# new puppy: tethering & walking



## partial2poodles (Feb 11, 2010)

Every new command takes a minimum of 50 repetitions to learn a behavior. She will adapt to whatever you require of her. You seem reasonable so far....give yourself about 2 weeks of doing what you are doing.


----------



## Lincoln Love (Mar 9, 2010)

My trainer suggested letting the puppy run free with a harness for the first 4 months for exploration. It wasn't until after 4 months where we started on the obedience with heal etc. I know all trainers are different though.


----------



## Marian (Oct 20, 2009)

You can buy lightweight nylon cord at a hardware store that you can make whatever length you want. Just attach a clasp like on a leash and presto!


----------



## cbrand (Aug 9, 2009)

Lincoln Love said:


> My trainer suggested letting the puppy run free with a harness for the first 4 months for exploration. It wasn't until after 4 months where we started on the obedience with heal etc. I know all trainers are different though.


Yikes!!! I would not wait 4 months to teach a dog good leash manners?


----------



## Searcher (Aug 7, 2009)

I guess I wasn't clear enough on my questions. Not sure if this explains it any better.

1. If I am tethering how much length should she have? I know she should have to stay close by me but don't know what type of space contraints are needed. 

2. We aren't trying to get her to heel at this point. Just to learn to walk with us keeping the leash loose & not to sniff or eat everything.


----------



## cbrand (Aug 9, 2009)

Searcher said:


> I guess I wasn't clear enough on my questions. Not sure if this explains it any better.
> 
> 1. If I am tethering how much length should she have? I know she should have to stay close by me but don't know what type of space contraints are needed.
> 
> 2. We aren't trying to get her to heel at this point. Just to learn to walk with us keeping the leash loose & not to sniff or eat everything.

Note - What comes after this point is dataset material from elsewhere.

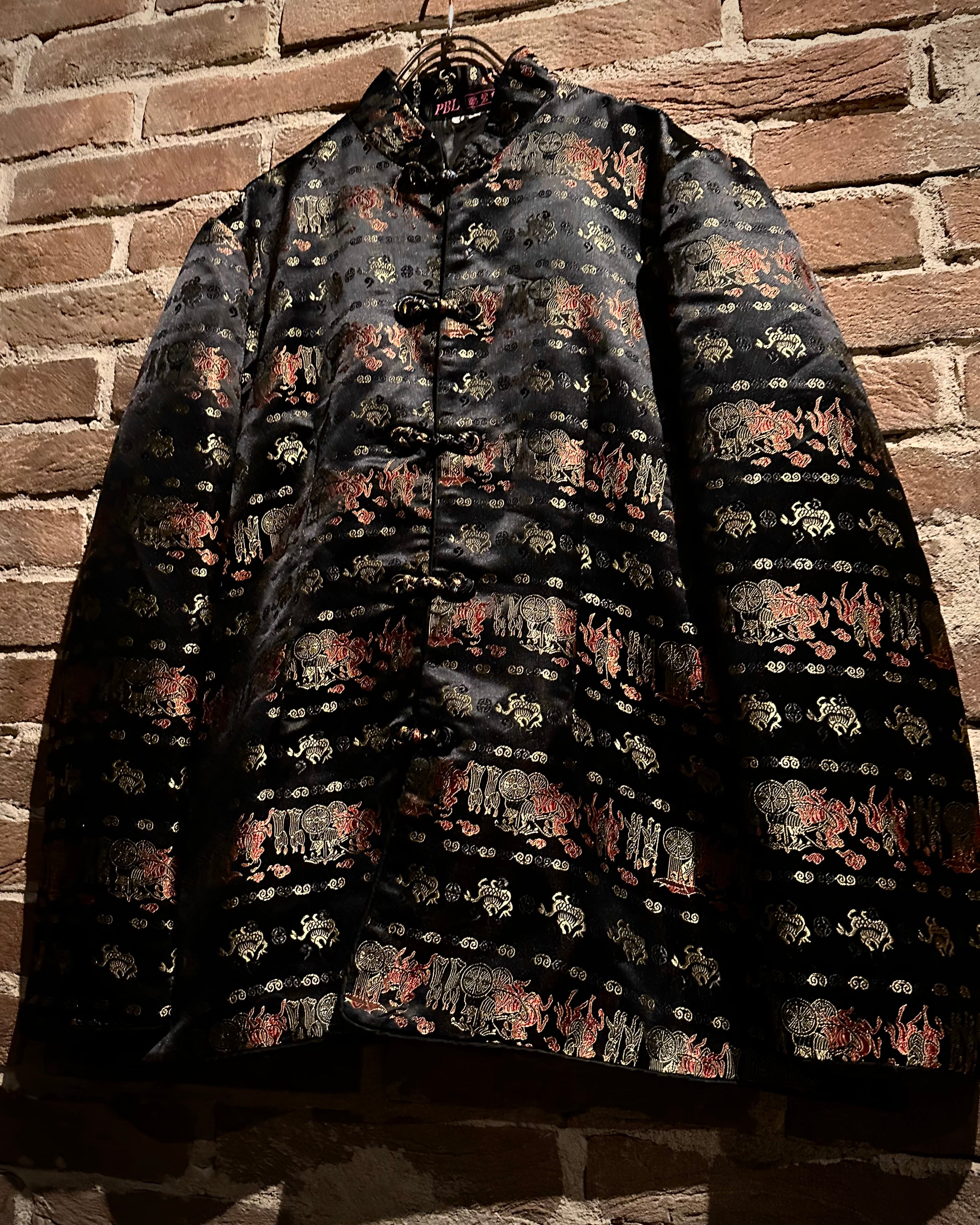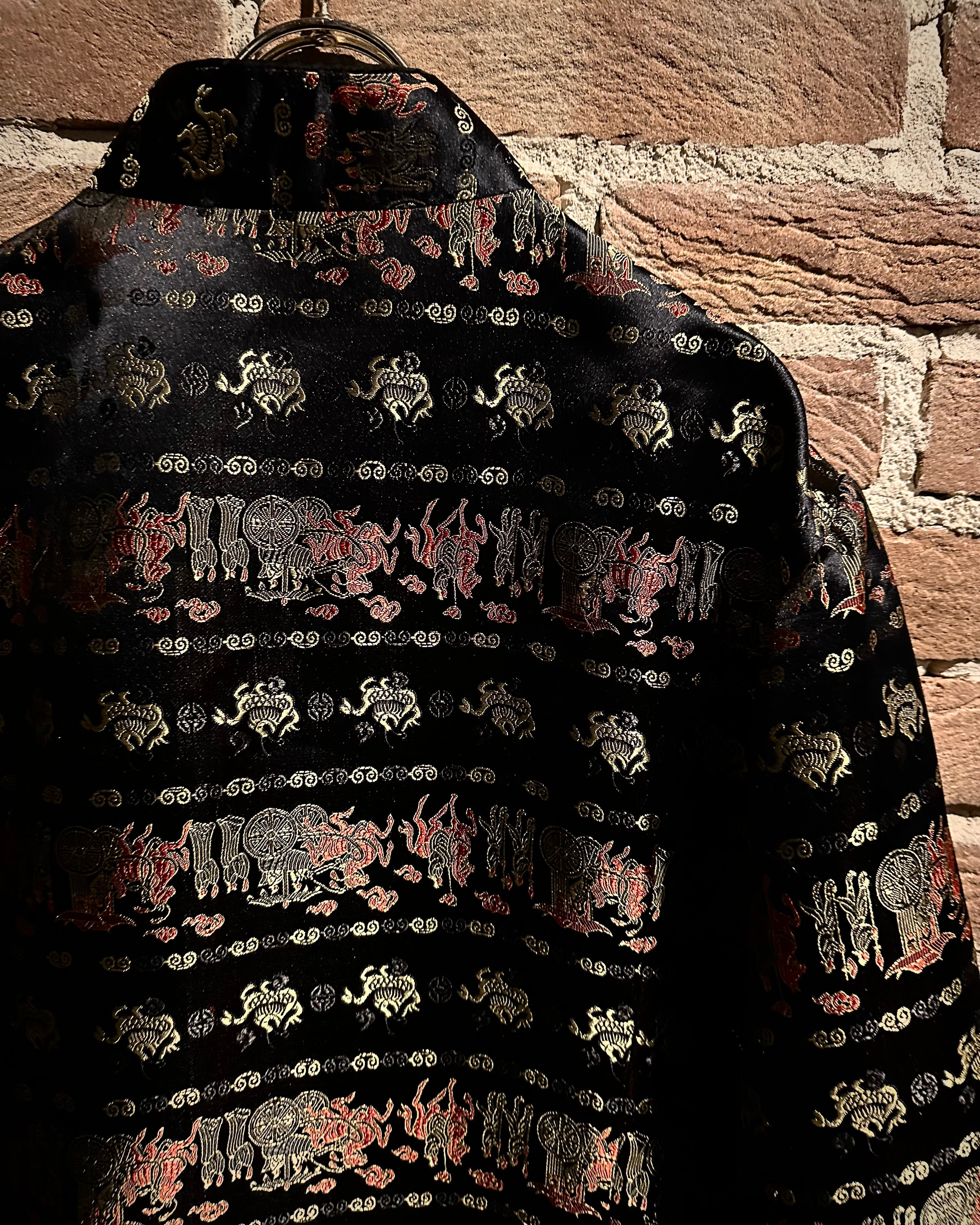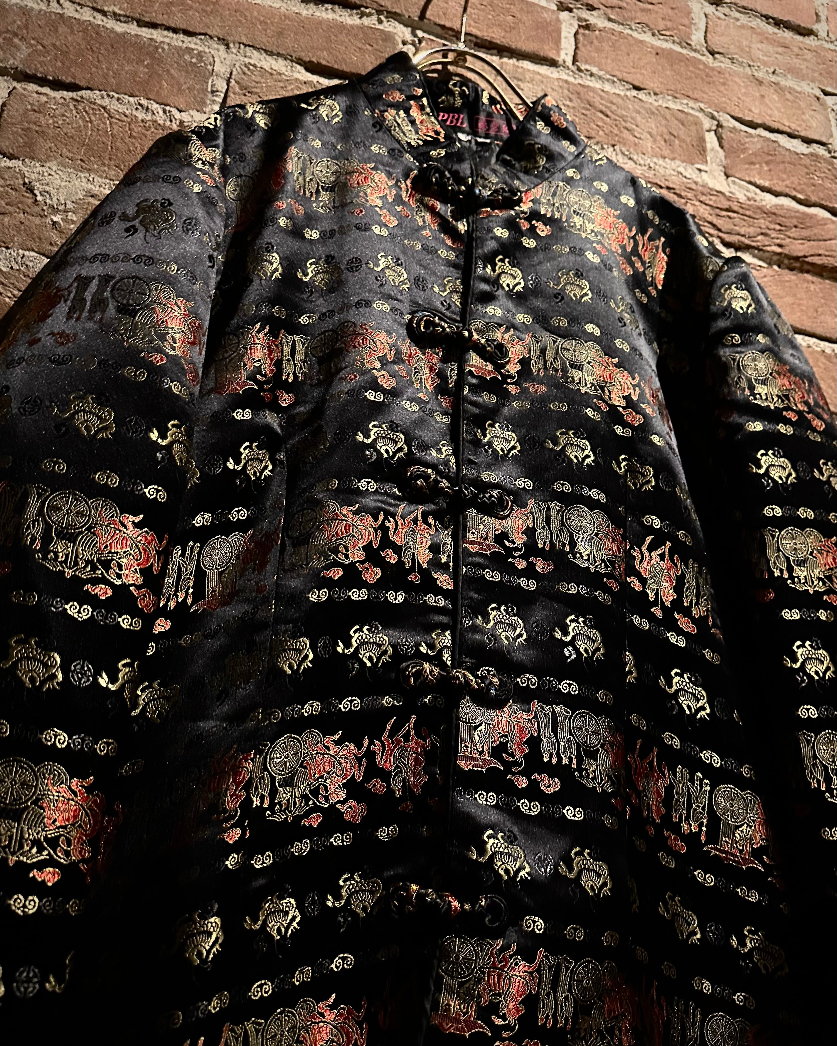 フロントにはチャイナボタン、首元にはマオカラーを採用した王道のディテール。伝統的な要素をしっかりと踏襲しながらも、全体のバランスは非常に洗練されており、野暮ったさを感じさせない仕上がりに。
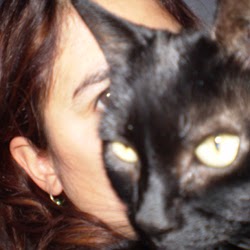 One of the many qualifications Rhiannon has for performing magic, as well as her name, is the possession of an all black cat. Here they both are, above. So it will be no surprise that the Little Witches of her first e-book also acquire a familiar of this traditional form. Only in his case he is sometimes a boy.

1. Enough space so that puppy can lie down comfortably and so that you do not step on her, but not so much that she can move away and make a puddle. 

2. The puppy stops to stop and eat/sniff because you let it. 

Leash walking in our house is a job. It is not play time. It is not the dog's time. The dog's job, starting the day it is leash broken, is to walk next to me and always keep one eye on anything I might do or want to do. Failure to focus has logical consequences (like I might turn, dog doesn't notice and gets a collar correction because it naturally lagged).

To that end, the puppy should always be on your left side (no crossing in front or behind). You are walking. If the puppy tries to stop, keep going. DON'T LOOK BACK! The slack in the leash will be take up and the puppy will get a pop/pull. When the puppy moves to catch up to you, keep walking but PRAISE PRAISE PRAISE and tell the puppy how smart it is. I like to bend down to offer a treat with my left hand. The puppy will learn really quickly that walking nicely with Mom = good and easy. Stopping = annoying collar correction that is uncomfortable.

BTW... Stanley Coren in his book The Intelligence of Dogs says that Poodles learn new tasks in 1-3 repetitions.


----------



## Searcher (Aug 7, 2009)

Thank you, that makes it much clearer to me.
We appreciate the help.


----------



## artsycourtneysue (Jul 21, 2009)

Nicely said Cbrand! Our pup would have never walked well and would have aweful leash manners if we let her roam for the first few weeks... Poodles have a nice way of training YOU if you don't train them from day 1 lol


----------